- While Huck is busy standing motionless to avoid being mauled to death by the dogs, a voice from the nearby house asks him who he is.
- Huck, a.k.a. Master of Deception, responds "George Jackson."
- The voice then wants to know if he's associated with "the Shepherdsons." Since he's not, he's welcomed inside the house by several men with guns. Guns pointed at him.
- Once the guns are put away, we meet the family: Saul, the old gentlemen; Rachel, the old lady; Buck, the young boy about Huck's age of thirteen or fourteen.
- Are their rhyming names a coincidence? We think not.
- Oh, and Betsy, their black slave.
- Buck takes Huck upstairs to get him some dry clothes, and we see that, just like Huck and, we would guess, every other adolescent boy ever, he isn't a big fan of "comb[ing] up on Sundays and all that kind of foolishness" (17.46).
- Huck eats a meal together with the family and spins them some great lies about his family in Arkansas.
- Everything is copasetic until he wakes up the next morning having forgotten his made-up name.
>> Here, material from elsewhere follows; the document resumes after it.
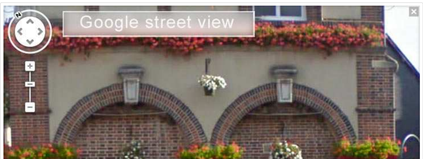
la façade avant le nettoyage

Je n'avais pas eu à l'époque l'idée de prendre des photos, mais je me rends sur le site Google Street View qui permet de naviguer virtuellement dans les rues; par bonheur, la rue principale longe la mairie. L'image n'est pas très nette, mais elle permet malgré tout de voir qu'il y avait bien des nids d'hirondelles (surtout sur la façade de droite), qui ont donc été détruits depuis.
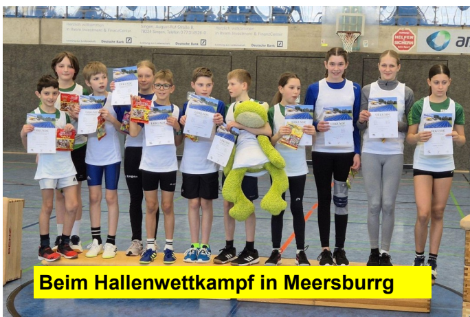
Beim Hallenwettkampf in Meersburg

- Yet the great Huck is not to be discouraged. He just taunts Buck and bets him he can't spell his (Huck's) name.
- Clever. Although Buck spells "Jackson" as "Jaxon," but whatevs.
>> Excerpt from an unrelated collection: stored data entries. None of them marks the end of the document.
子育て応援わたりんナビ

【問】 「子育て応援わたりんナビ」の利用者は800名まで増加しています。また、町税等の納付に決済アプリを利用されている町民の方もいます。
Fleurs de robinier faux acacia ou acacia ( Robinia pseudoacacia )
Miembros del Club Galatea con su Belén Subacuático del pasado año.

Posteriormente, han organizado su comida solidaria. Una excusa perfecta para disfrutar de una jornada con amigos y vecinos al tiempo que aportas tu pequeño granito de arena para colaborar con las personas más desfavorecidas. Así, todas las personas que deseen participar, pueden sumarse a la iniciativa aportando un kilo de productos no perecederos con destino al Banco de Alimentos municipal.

- Huck tells us some more about this family and their house. It seems they're rather affluent for the time and place, and Huck is impressed with their collection of books (on religion, art, poetry, and politics).
- He also comments on the pictures on the wall, which were done by one of the daughters of the family—a daughter that has since passed away. They're rather macabre, so Huck reckons that, "with her disposition, she was having a better time in the graveyard" (17.62).
- The girl—whose name was Emmeline Grangerford—kept a scrapbook with poems that equally macabre. Huck feels bad that she wrote poems but no one wrote one for her when she died.
- So he gives it a shot.
- It doesn't go so well.
- Failed poetry aside, Huck is having a grand old time living with the Grangerfords, wearing Buck's clothes, and eating their food.